■ **What is expected**:
Could you set down the listing below exactly and omit its images?

■ **Stored data**:

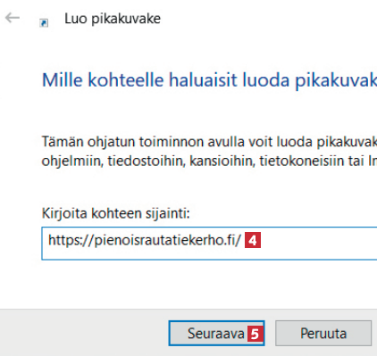 Napsautus avaa oppaan. Kirjoita nyt verkkosivun osoite 4, jolle haluat luoda pikakuvakkeen. Napsauta sitten painiketta Seuraava 5.
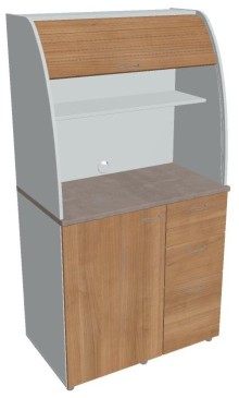 Dvě police ve vrchní části kuchyňky poskytují dostatečnou kapacitu pro vaše skleničky, hrnky či talíře. Na pracovní desku můžete umístit např. kávovar a kabelovou průchodkou v zadní části vyvedete přívodní kabel z prostoru kuchyňky.
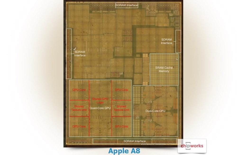 به روز رسانی: چیپ ست A8 دارای die با مساحت 89 میلی متر مربع بوده که در A9 افزایش یافته است. آن درسته از چیپ ست های A9 که توسط سامسونگ و با فرآیند 14 نانومتری ساخته شده اند، 96 میلی متر مربع بوده و دسته ای دیگر که TSMC با فرآیند 16 نانومتری ساخته، 104.5 میلی متر مربع هستند.

■ **Task output**:
 Napsautus avaa oppaan. Kirjoita nyt verkkosivun osoite 4, jolle haluat luoda pikakuvakkeen. Napsauta sitten painiketta Seuraava 5.
 Dvě police ve vrchní části kuchyňky poskytují dostatečnou kapacitu pro vaše skleničky, hrnky či talíře. Na pracovní desku můžete umístit např. kávovar a kabelovou průchodkou v zadní části vyvedete přívodní kabel z prostoru kuchyňky.
 به روز رسانی: چیپ ست A8 دارای die با مساحت 89 میلی متر مربع بوده که در A9 افزایش یافته است. آن درسته از چیپ ست های A9 که توسط سامسونگ و با فرآیند 14 نانومتری ساخته شده اند، 96 میلی متر مربع بوده و دسته ای دیگر که TSMC با فرآیند 16 نانومتری ساخته، 104.5 میلی متر مربع هستند.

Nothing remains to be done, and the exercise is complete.